The Metric System
In the late 18th century, Louis XVI of France charged a group of scientists to reform the French system of weights and measures. It was widely recognized at the time that it was an inconsistent and disorganized collection of measurements that varied with location and often on obscure bases. Providing a scientifically observable system with decimally based divisions was the charge assigned to a group from the French Academy of Sciences, which included Pierre Simon LaPlace and J.J. Lagrange. They sought to create bases of measurement linked to the scientifically verifiable values such as the Earth’s circumference.
The unit of length, defined as a meter, was introduced in 1791 after careful measurement of the Earth’s radius and the recognition that the planet was not perfectly spherical but instead possessed an oblate spheroid shape. The meter was designated as one ten-millionth of the length of the Earth’s meridian through the city of Paris from the North Pole to the Equator.
The kilogram was settled upon in 1799 as the mass standard, based on the value of a platinum bar. Now the contemporary standard for the kilogram is stored at the Bureau International des Poids et Mesures (BIPM) in Sevres, France as a Platinum-iridium alloy.
Since the 1960s, the International System of Units has been internationally agreed upon as the standard metric system.

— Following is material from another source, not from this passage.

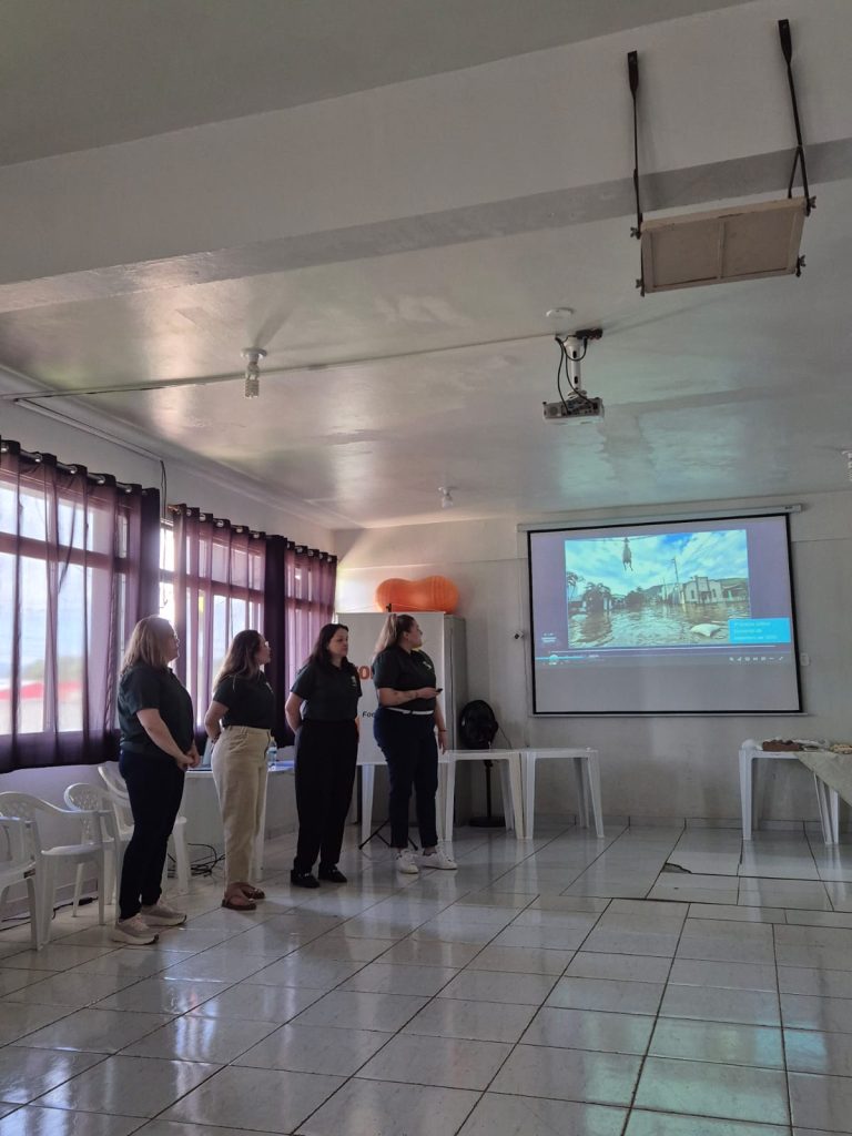 A programação iniciou com as boas-vindas da Secretária de Assistência Social e Habitação, Sílvia Prade Vuaden, que destacou a relevância de momentos de formação e acolhimento entre as equipes após os desafios enfrentados pela região. Em seguida, a educadora física Márcia Zanchet conduziu alongamentos e atividades dinâmicas, proporcionando descontração e preparo para o dia.

What is the Kelvin Temperature Scale?
In 1848, William Thomson Kelvin, a British physicist proposed the scale that is now named in his honor. In the design of this system, there are no negative values for temperature with the lowest value on the scale known as absolute zero. Substances at this theoretical point would display a complete absence of kinetic energy, thus atoms at absolute zero would cease all motion.